The primary objectives of 14-day term repo auctions include stabilising short-term interest rates, improving liquidity predictability, and strengthening monetary policy transmission.
By providing assured liquidity for a fixed period, the RBI enables banks to manage their asset-liability mismatches more efficiently. This reduces uncertainty in funding costs and promotes orderly conditions in money markets. Additionally, term repos reduce excessive reliance on overnight borrowing, thereby smoothing interest rate movements.

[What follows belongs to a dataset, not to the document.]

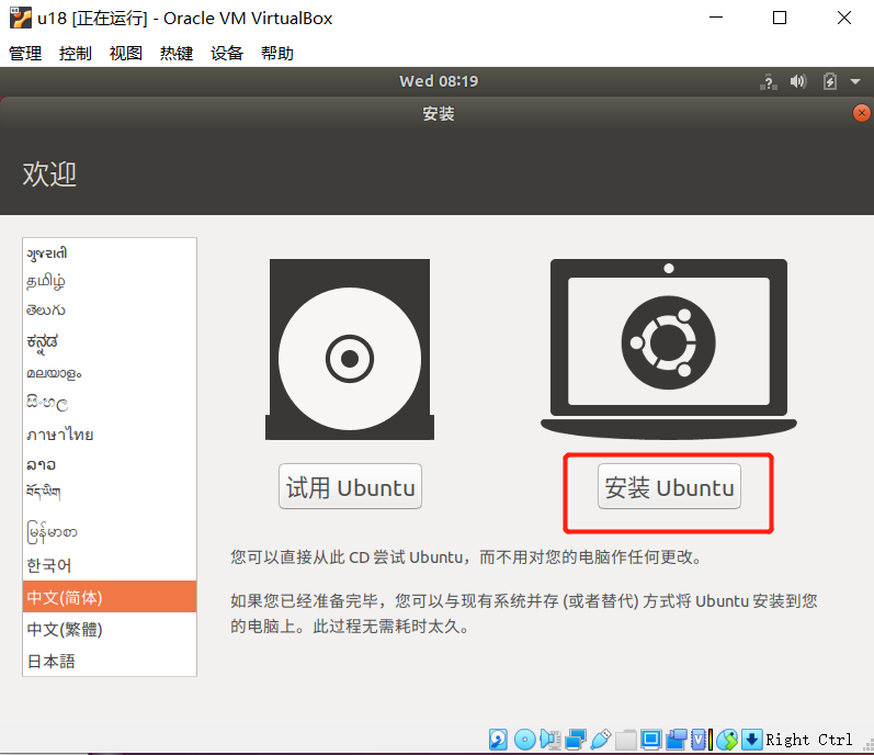 等待系统启动,进入欢迎界面,选中“中文(简体)”,并点击“安装 Ubuntu”按钮;

Role in Banking and Financial Markets

In the banking sector, 14-day term repo auctions serve as an important source of short-term funding, particularly during tight liquidity conditions. Banks facing temporary mismatches due to credit expansion, tax outflows, or regulatory requirements can access funds without resorting to distress borrowing.
For financial markets, these auctions contribute to:

  • Stability in call money and tri-party repo markets
  • Better alignment of short-term rates with the policy stance
  • Enhanced confidence among market participants

They also support efficient functioning of the government securities market by encouraging banks to hold and actively use sovereign bonds as collateral.

Significance for Monetary Policy Transmission

Effective monetary policy transmission depends on how quickly and smoothly policy rate changes influence market interest rates and bank lending rates. 14-day term repo auctions play a vital role in this process.
When the RBI signals an accommodative or tightening stance, the auction rates of term repos adjust accordingly. Banks incorporate these funding costs into their lending and deposit rate decisions. As a result, changes in the policy repo rate are transmitted more effectively to the broader economy.
The instrument also reduces volatility caused by transient liquidity shocks, ensuring that short-term rates remain anchored around the desired policy corridor.

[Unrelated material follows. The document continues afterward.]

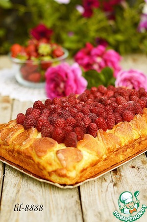 Рецепт «Дрожжевой пирог с творогом и малиной»:

Impact on the Indian Economy

At the macroeconomic level, 14-day term repo auctions support economic stability by ensuring adequate liquidity for productive activities. During periods of economic slowdown, increased use of term repos helps maintain credit flow to businesses and households.
In times of financial stress, such as during the COVID-19 pandemic, enhanced term repo operations provided critical liquidity support to banks, enabling them to lend to priority sectors and support government relief measures. This helped mitigate systemic risk and prevent disruption in financial intermediation.
Conversely, during periods of excess liquidity, reduced reliance on term repos helps prevent overheating and inflationary pressures.

Comparison with Other Liquidity Instruments

14-day term repo auctions differ from other liquidity instruments in several ways. Overnight repos address very short-term liquidity needs, while open market operations influence durable liquidity over a longer horizon.
Marginal Standing Facility (MSF) acts as a penal, last-resort borrowing option, whereas term repos are proactive and market-based. Compared to long-term repo operations (LTROs), 14-day term repos are shorter in duration and more flexible, making them suitable for routine liquidity management.
This combination allows the RBI to fine-tune liquidity conditions with precision.

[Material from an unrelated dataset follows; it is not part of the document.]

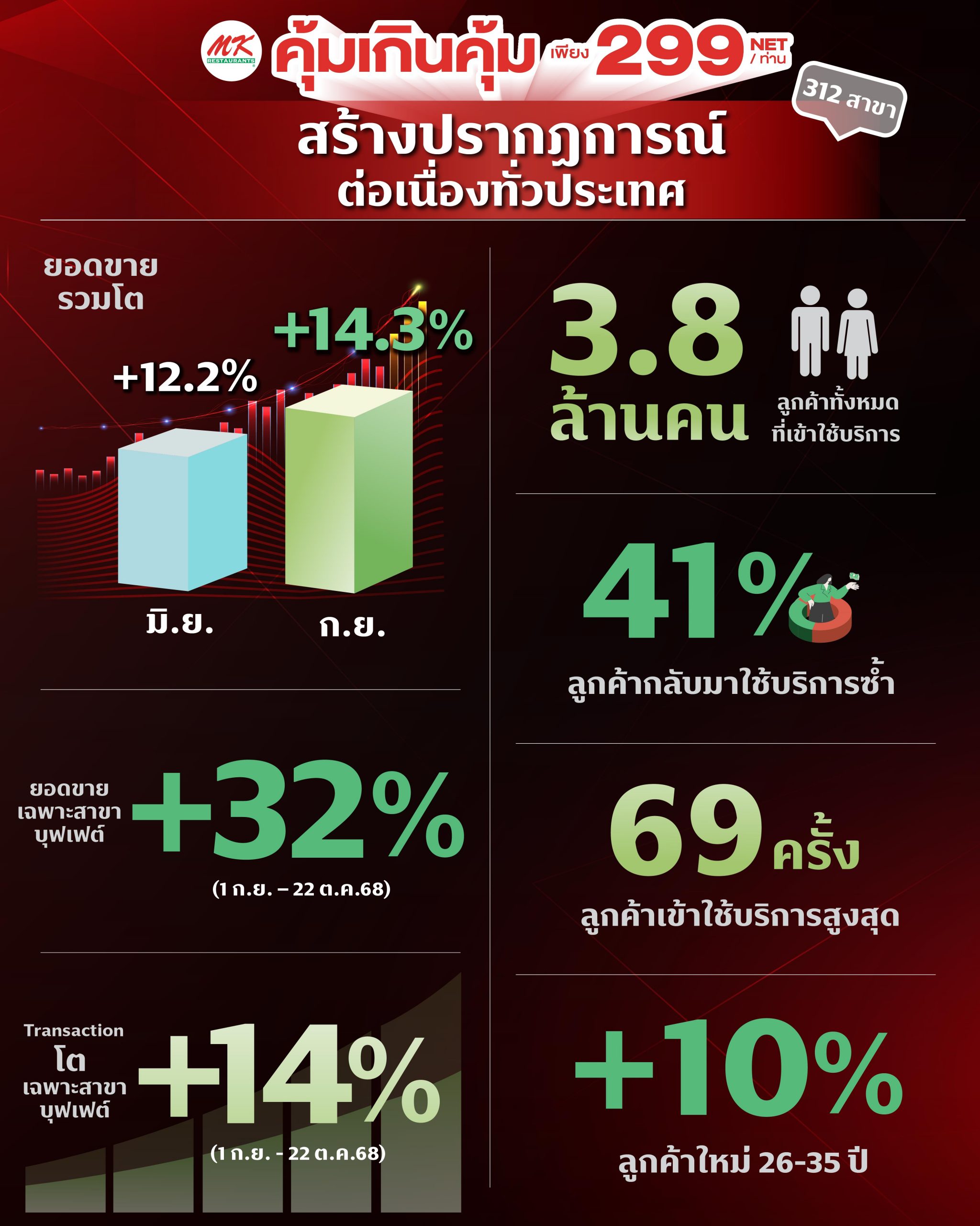 MK คุ้มเกินคุ้ม 299 บาท สร้างปรากฏการณ์ความสนใจต่อเนื่องทั่วประเทศ กว่า 312 สาขา ตั้งแต่ คุ้มคุ้ม อิ่มไม่อั้น (เวอร์ชั่น 1) เดือนมิถุนายน ทำให้ยอดขายรวมเติบโต 12.2% และ คุ้มเกินคุ้ม (เวอร์ชั่น 2) เดือนกันยายน โตขึ้นอีก โดยมียอดขายรวมเติบโต 14.3% แม้จะเปิดให้บริการมายาวนานหลายเดือน แต่ยังคงสามารถรักษาตำแหน่งครองใจลูกค้า ทำให้ปัจจุบันมีลูกค้ากลับมาใช้บริการซ้ำสูงถึง 41% และมากสุดถึง 69 ครั้ง นอกจากนี้ยังสร้างเสียงเชิงบวกบนโซเชียลอย่างมากมาย จากทั้งฐานลูกค้าเดิมและลูกค้าใหม่

Advantages and Limitations

The advantages of 14-day term repo auctions include enhanced liquidity predictability, reduced interest rate volatility, and improved monetary policy transmission. They encourage disciplined liquidity management among banks and deepen money market development.
However, there are limitations. Overuse of term repos may create dependency on central bank funding and reduce incentives for banks to mobilise stable deposits. Additionally, during periods of extreme stress, auction-based rates may not fully reflect policy intent, requiring supplementary measures.

Originally written on July 30, 2016 and last modified on December 18, 2025.